So, we try to minimize that as much as possible. A lot of that trick is playing with measuring on average how long it takes and try to skew the clocks, so that interval is minimized.
- Grant Ingersoll
-
I've noticed you also on the site you have some faceting and obviously sorting by dates. Can you tell us some more about what you guys are doing in that regard?
- Sammy Yu
-
I think one of the things, it's very nice to be able to search and always present the right results, the result that they're looking for as the first result, but in case that isn't the case we like to be able to allow the users to be able drill down and refine the results, and that's one of the things that has been a really nice feature in Solr that we've taking advantage of. It's – we have a lot of stories and it's very hard to figure out the right magic formula that works for everything, ‘cause as you know I can tweak the weights one way and it may work for certain queries, and completely break other queries. So, it's nice to have this fallback mechanism of having the facets to allow them to refine the results, but furthermore I think it brings another aspect that is of interest or users in terms of discovery. It really allows them to discover things. Okay. Maybe this thing, maybe stories about iPhone happened at this time, iPhone was released on this date, and you can see those things, we actually have this facet in our search page, we actually draw this graph of when the stories show up, and basically we're just using facet query of those dates and month to display that graph.
- Grant Ingersoll
-
Yeah. That's a really handy feature to have.
- Sammy Yu
-
Definitely. And I think since we've re-launched with a Solr 1.3 and we've introduced the way weighting scheme that I talked about and the faceting features, we've gotten a lot of positive feedback. People are saying, "Hey, search actually works. I can find the stories that I'm looking for." For a while, we were using Solr 1.2 before, but really, we weren't taking advantage of the boosting features and some of the faceting features.

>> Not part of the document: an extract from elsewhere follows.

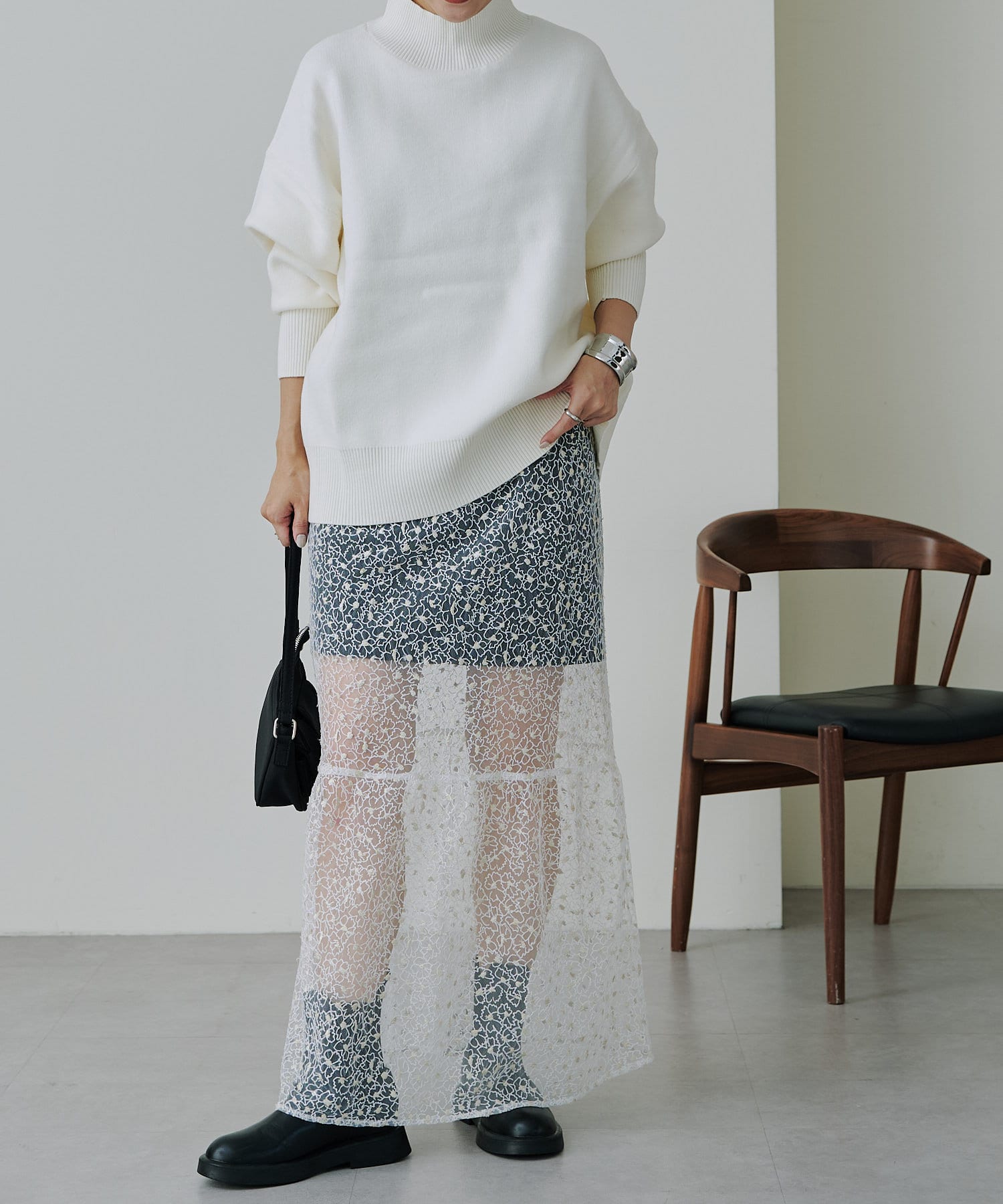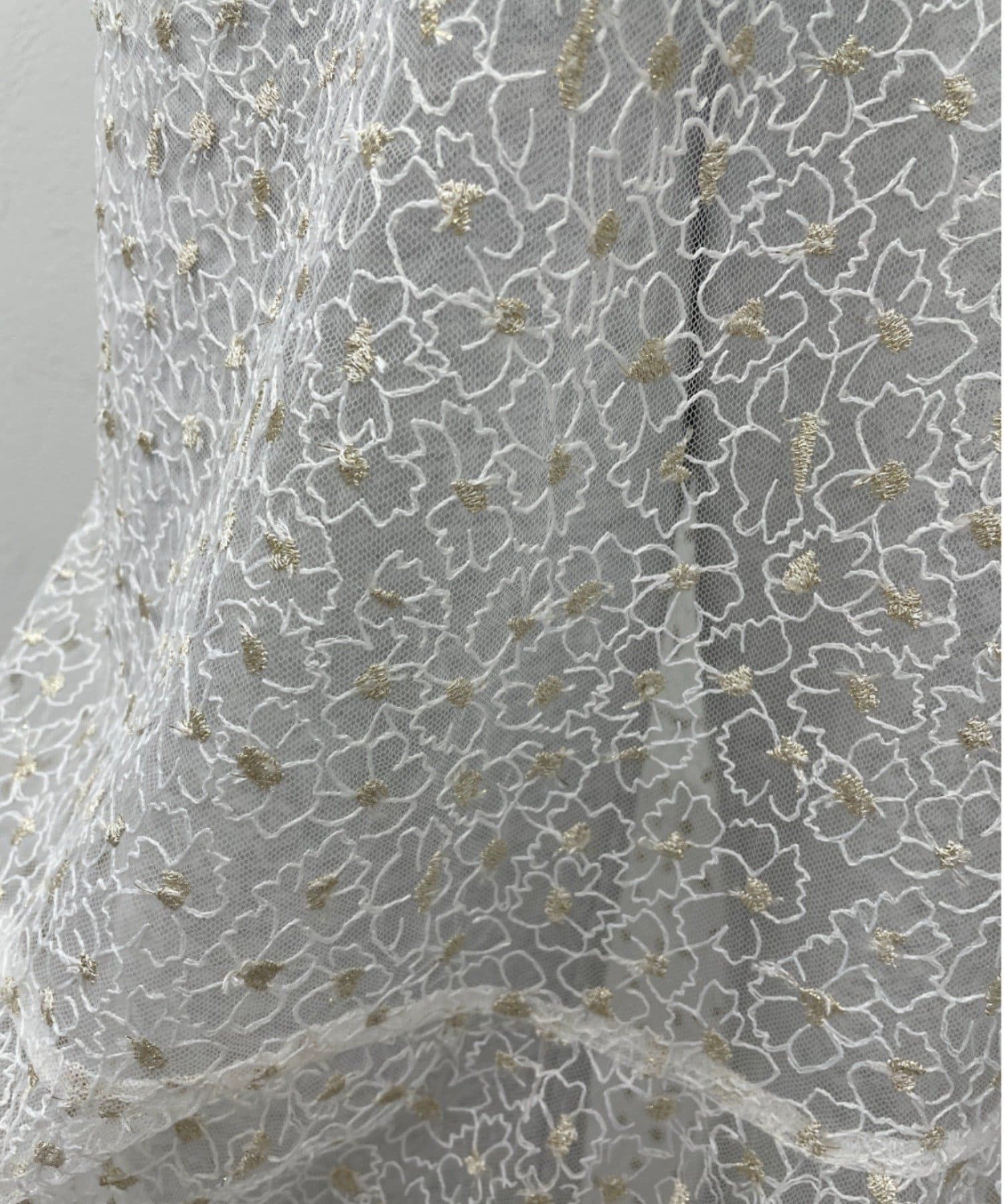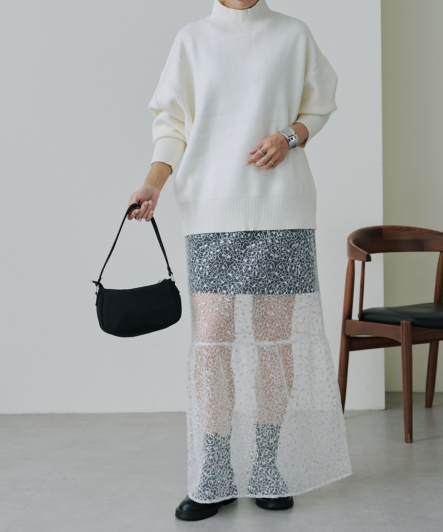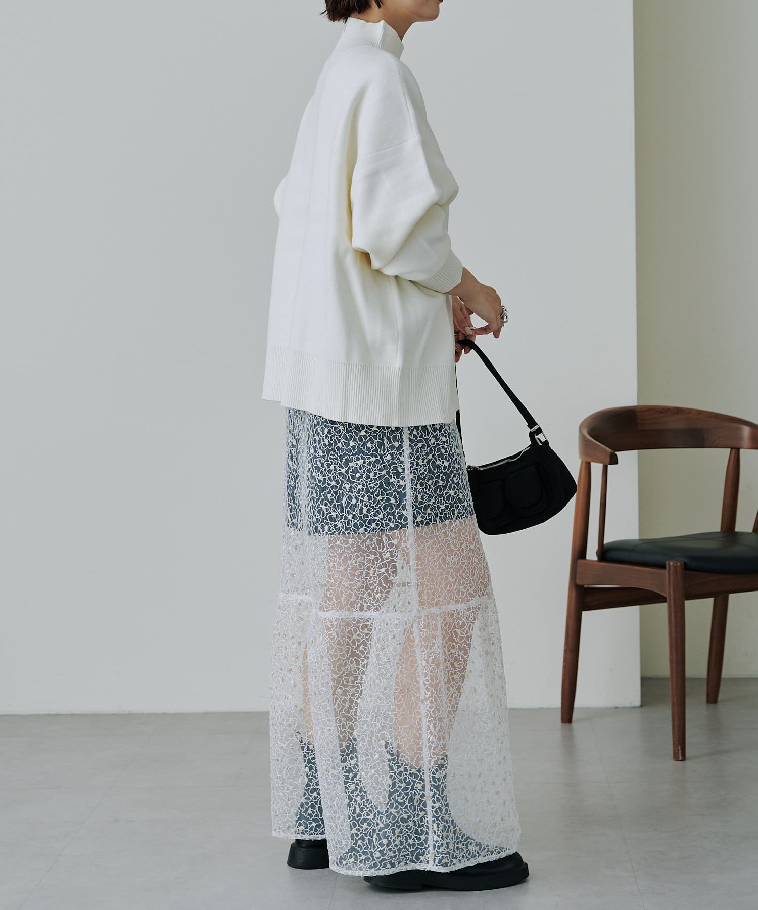 ・コーディネートのポイントになるレース刺繡柄が映える1枚。
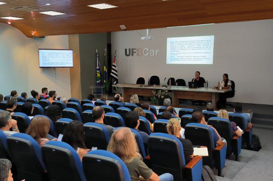 O cenário orçamentário do período da gestão atual também foi destaque, com explicação ano a ano, de 2012 a 2023, até a construção de um novo modelo orçamentário para a UFSCar, que consiste no levantamento, planejamento e replanejamento, controle e execução orçamentária. Os sistemas do Governo Federal utilizados pela Coordenadoria de Orçamento, e a origem dos recursos da Universidade também foram explicados ao público em detalhe.

Another thing I would like to mention is we actually have some customization. Solr out of box is really effective; some of the things that get you up and running really fast. But we had to do a little bit of tuning in terms of figuring out to deal with specific queries. One of the things that we deal with is searching for stories from a specific host – story from a specific host. And it really becomes important for us to tokenize these things in a very special way. So I think one of the things of importance is, imagine you have a story maybe from, say, blogs.zdnet.com, so one of thing – and one of the things is we try to break this up. So when it comes in it's actually like a full-length URL and we break it up into pieces and so what we do is we try to inverse the individual parts of the domain, so it becomes like topleveldomain.subdomain and then as well as the first part, the www is dropped. So going back to the example blogs.zdnet.com, we generate two tokens, com.zdnet and com.zdnet.blogs. This allows us to avoid the more expensive wildcard queries for postfix queries. And we a lot of times www is not relevant, and this is very important ‘cause a lot of our API users and also as well as SEO consultants, they're looking – they're hitting our website with a lot of these queries. They want us to look for stories from specific domain and that's one of the most common search queries that we have coming in, so – in terms from the API, and we – what really allowing us to build it like that really helps us to get good query times.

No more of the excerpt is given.